One Obvious Distinction
If drilling results continue to prove McMoRan’s geologic model correct, Moffett suggests that that the difference between the ultradeep Shelf and the deep- and ultradeep water plays will boil down to one obvious distinction: water depth. “You are talking about tens of feet of water instead of thousands of feet,” he says. “Although the bottom-hole pressures and temperatures in deep water are not as high as they are in the ultradeep Shelf, the water depths are much greater and the salt is thicker, so you have to drill 10,000-14,000 feet of salt before you ever hit subsalt sediment.”
The shallow water means ultradeep Shelf wells can be drilled with jackups and completed with dry trees instead of floating semisubmersibles and subsea wellheads. “Floating drilling and completion technology has been redefining itself almost every day in deep water. Then, of course, with the Macondo well, floating technology has come under scrutiny, and it has yet to be seen exactly how things will go forward from here,” Moffett says.
Consequently, whatever new drilling regulations ultimately are put in place, Moffett says they should have minimal impact on ultradeep Shelf operations. “Shallow-water drilling using jackups is completely different from floaters in deep water. Jackups put the blowout preventer on the rig floor and wells are completed with dry trees on the platform instead of subsea,” he points out. “We have enough experience at McMoRan to show that we can drill these wells without incident, even with the high bottom-hole pressures and temperatures.”
Looking to the future, Moffett says the changes coming to deepwater regulations could very well limit independents’ ability to participate in that environment. “Increased operating costs and especially soft costs–the biggest unknown in terms of independents’ future role in deep water–could mean that independents become few and far between in deep water,” he comments. “They will have to be part of an emergency relief effort, such as the $2 billion project the majors have started to make sure the equipment will be ready to move quickly to cap any leaking subsea tree or well that is out of control.”
Insurance is also a problem. “Until the regulations get sorted out, no one knows what it will take to insure independents working in deep water with floating rigs and subsea trees, but it will be expensive and independents are not large enough to self-insure,” Moffett continues.
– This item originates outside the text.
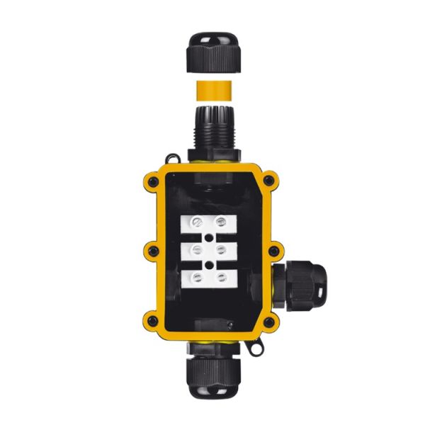 Caja Estanca IP65 3 Pines con Protección UV x1 Entrada x2 Salidas AC 450V 24A. DIAM 4-8mm

While the ultradeep Shelf offers an alternative, Moffett is quick to note that it has its own set of unique challenges. “For 20 years, independents made a living on the Shelf using 3-D seismic bright spot detection to sharp shoot reserves. There was no need to rely on structural geology; if it didn’t glow, it didn’t go,” he remarks. “But bright spot detection does not work for ultradeep objectives because pressure changes and rock parameters make a lot of things light up on seismic. To be in the ultradeep Shelf play, independents have to be prepared to drill structures below the salt weld, which means they have to understand deep structural geology and deposition.”
As with water depth, the cost structure also increases exponentially with subsurface depth. “Below the salt weld on the Shelf, drilling prospects start at 19,000-20,000 feet and go down to 34,000 feet. There are very high pressures and temperatures. The depths require multiple casing strings, and the HP/HT bottom-hole conditions require special completions equipment,” Moffett says.
“In my opinion, majors will come back to the Shelf as we get more data and discoveries are confirmed because they hold a lot of Shelf acreage, some of which will be farmed in by independents such as McMoRan,” he goes on. “Several independents will also take a crack at ultradeep Shelf prospects, but they have to be prepared to spend $125 million-$150 million to test each ultradeep prospect.”